United States District Court, E.D. Louisiana
Nov 14, 2011
CRIMINAL ACTION NO: 10-174 SECTION: J(3) (E.D. La. Nov. 14, 2011)

Opinion

CRIMINAL ACTION NO: 10-174 SECTION: J(3).

November 14, 2011.


ORDER


Before the Court is Defendant Michael Roussel’s Motion for Bond Pending Appeal (Rec. Doc. 147) and Motion for Special Hearing on Motion for Bond Pending Appeal (Rec. Doc. 148), as well as the Government’s Memorandum in Opposition (Rec. Doc. 151).

On April 1, 2011, Defendant Michael Roussel was convicted on one count of conspiracy to commit wire fraud in violation of 18 U.S.C. § 371, and two counts of wire fraud in violation of 18 U.S.C. § 1343. On September 8, 2011, the Defendant was sentenced to a term of imprisonment of 136 months, with a surrender date of November 15, 2011. On November 8, 2011, one week before his surrender date, Defendant filed the instant motions, seeking to stay his surrender date and to be released on bond pending an appeal of his conviction.

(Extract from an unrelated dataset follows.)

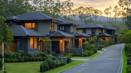 development, architecture, new, suburb, modern, house, street, rooftop, design, outdoors, luxury, city, built structure, detached house, horizontal, facades, home, grass, day, summer, tree, driveway, no people, photo, window, color image, building exterior, pattern, sky, residential area, homeownership, sidewalk, city landscape, growth, housing, landscaped, lawn, residential, suburban, us, beauty, construction industry, small, american culture, estate, luxury home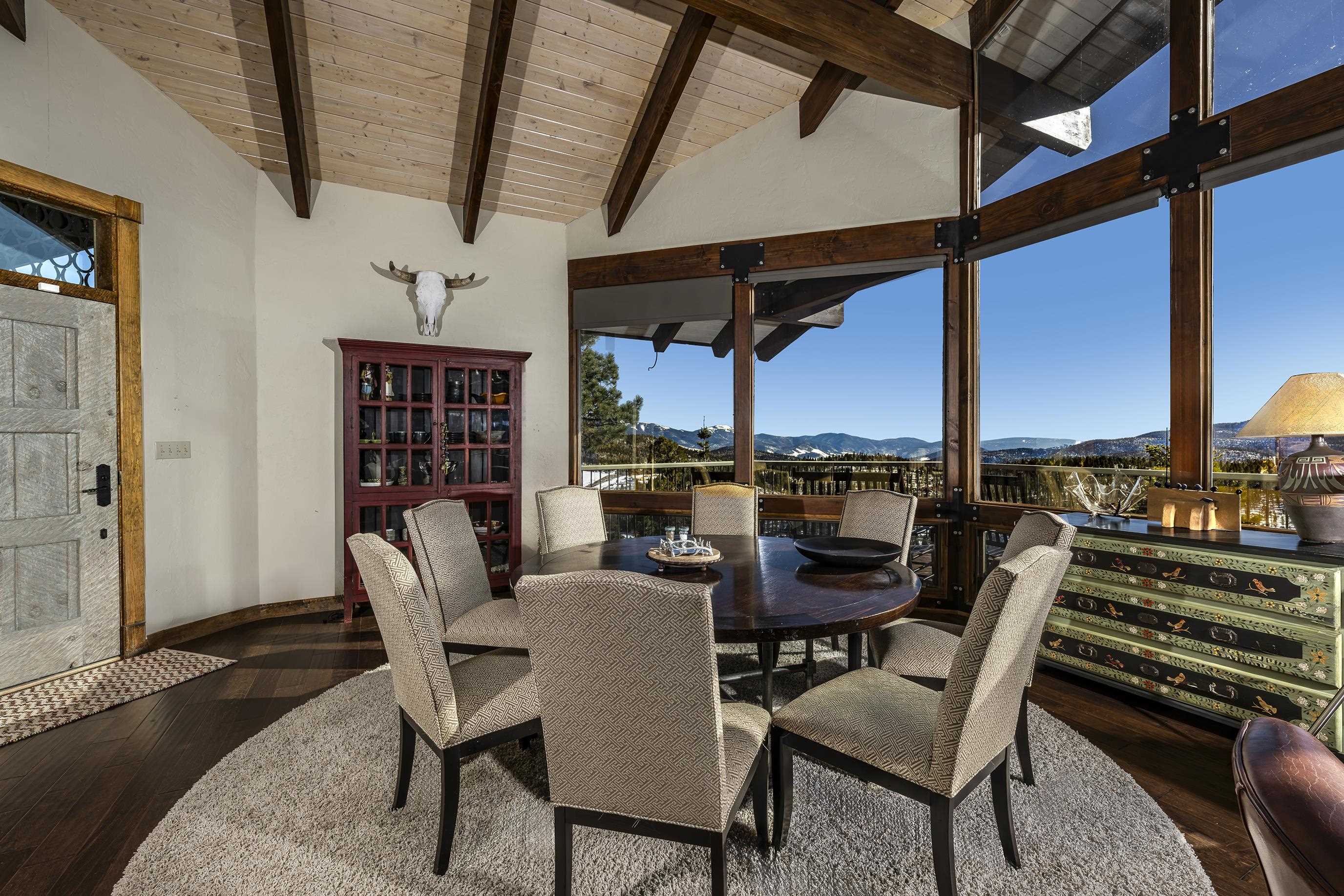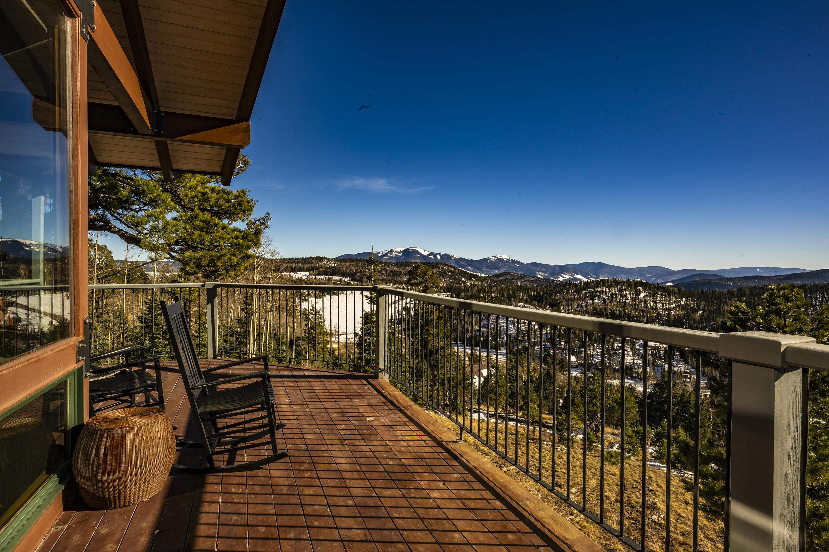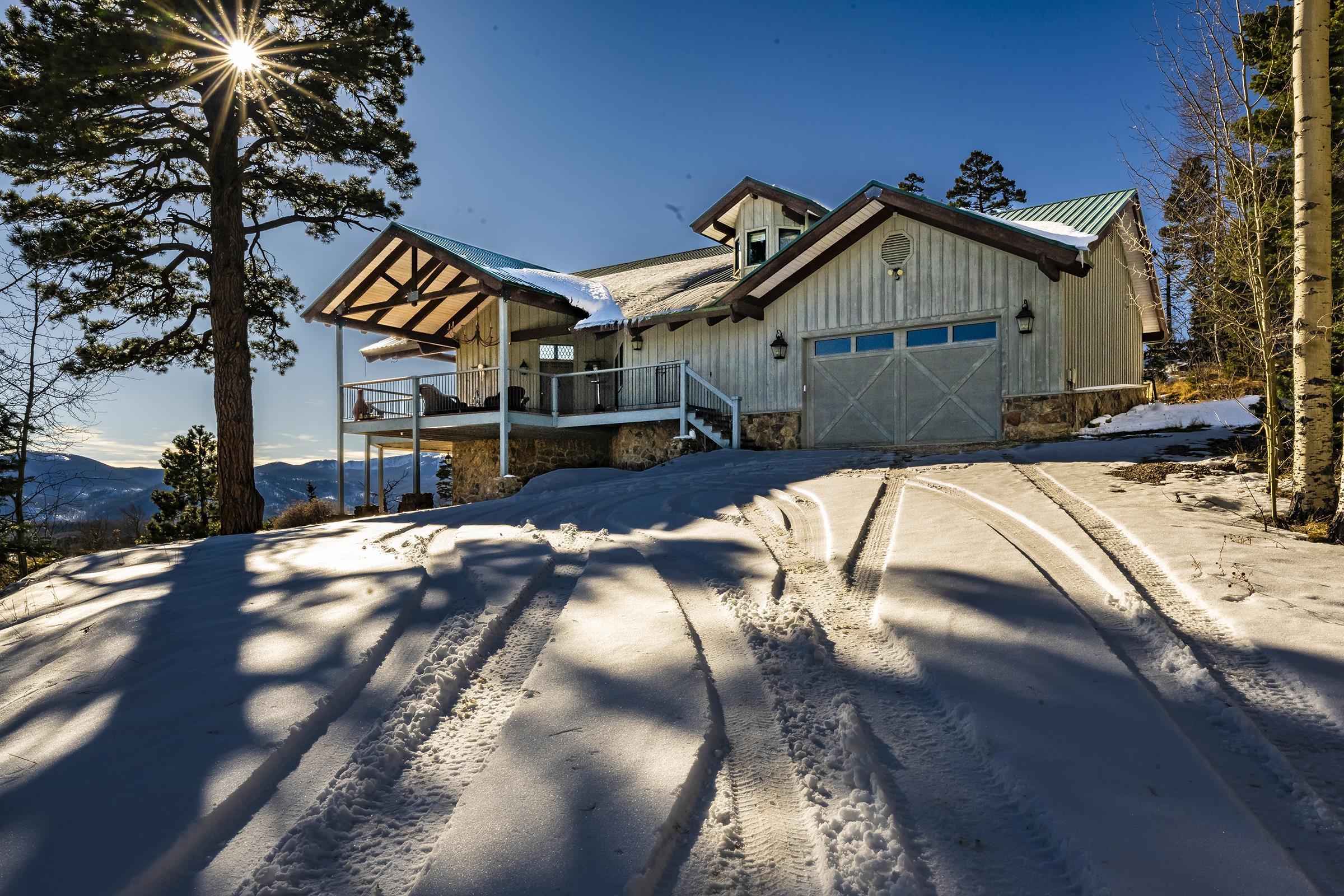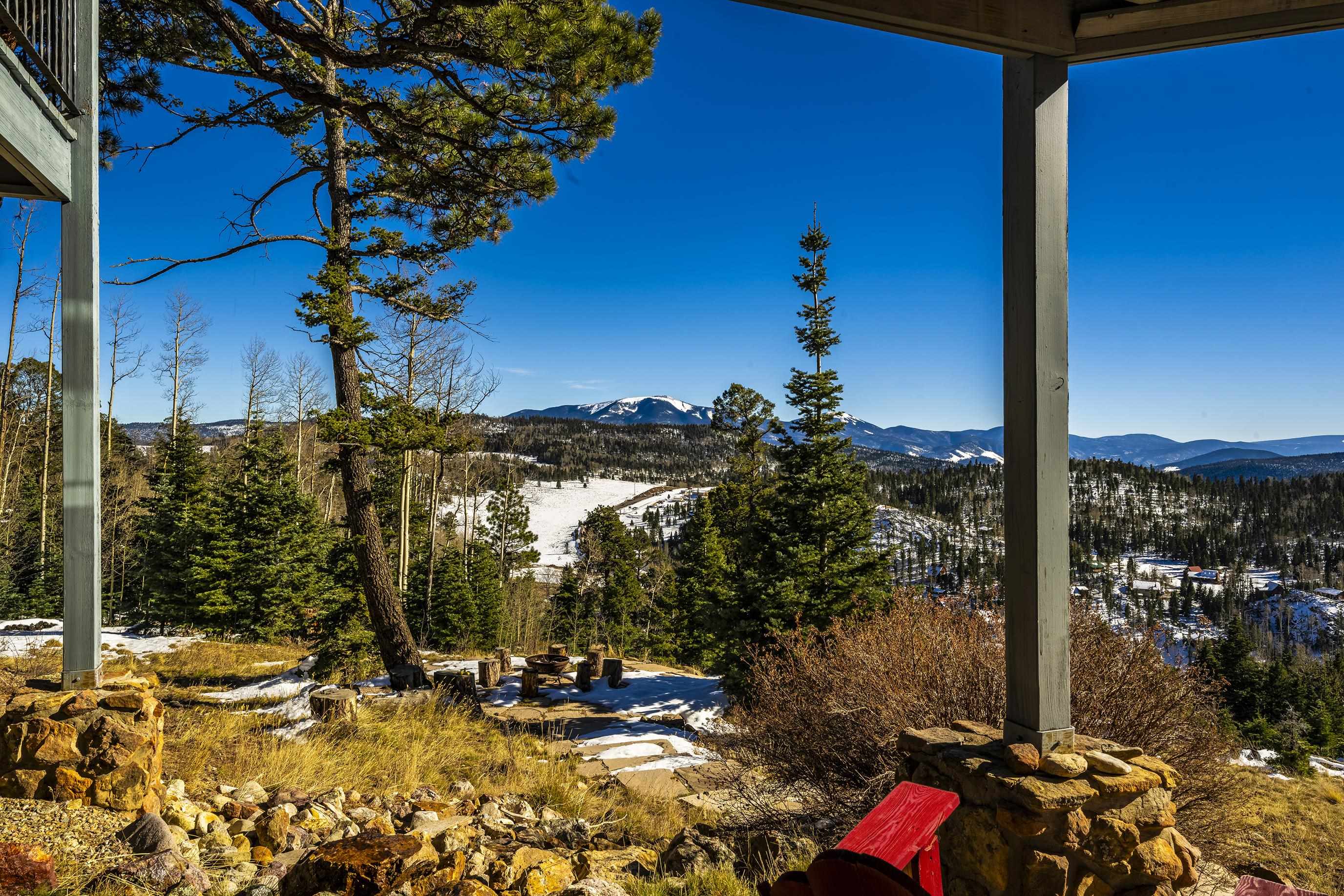 Set on nearly 5 acres of pristine mountain land, this exceptional luxury home offers breathtaking panoramic views of Wheeler Peak and Baldy Mountain. Just 5 minutes from Red River, this expansive residence seamlessly blends superior craftsmanship with the natural beauty of its surroundings, presenting a rare opportunity for the ultimate mountain lifestyle. The open-concept great room features soaring ceilings, a striking wet bar, and large windows that showcase the stunning views. The gourmet kitchen, with its sleek quartz countertops, flows effortlessly into the living area. Radiant floor heating ensures year-round comfort, while southern exposure allows for passive solar gain, flooding the home with natural light. The home offers two luxurious primary suites, each with oversized ensuite bathrooms and walk-in closets. One suite opens to a private hot tub, providing a peaceful retreat with sweeping mountain views. Additionally, a bunk room and a spacious loft offer plenty of room for family and guests. Outside, enjoy a private fire pit and expansive outdoor living areas—ideal for entertaining or unwinding under the stars. A studio guest house with an attached 4-car garage adds privacy for visitors or extended family. Fully furnished and ready to enjoy, this extraordinary mountain retreat combines privacy, luxury, and natural beauty—a perfect sanctuary for those seeking the finest in mountain living.

A court may release a defendant pending appeal only if it finds by clear and convincing evidence: (1) that the defendant is not likely to flee or pose a danger to the safety of any other person or the community; and (2) that the appeal is not for the purpose of delay and raises a substantial question of law or fact likely to result in reversal of his conviction, an order for a new trial, a sentence that does not include a term of imprisonment, or a reduced sentence not exceeding time already served plus the expected duration of the appeal. See 18 U.S.C. § 3143(b).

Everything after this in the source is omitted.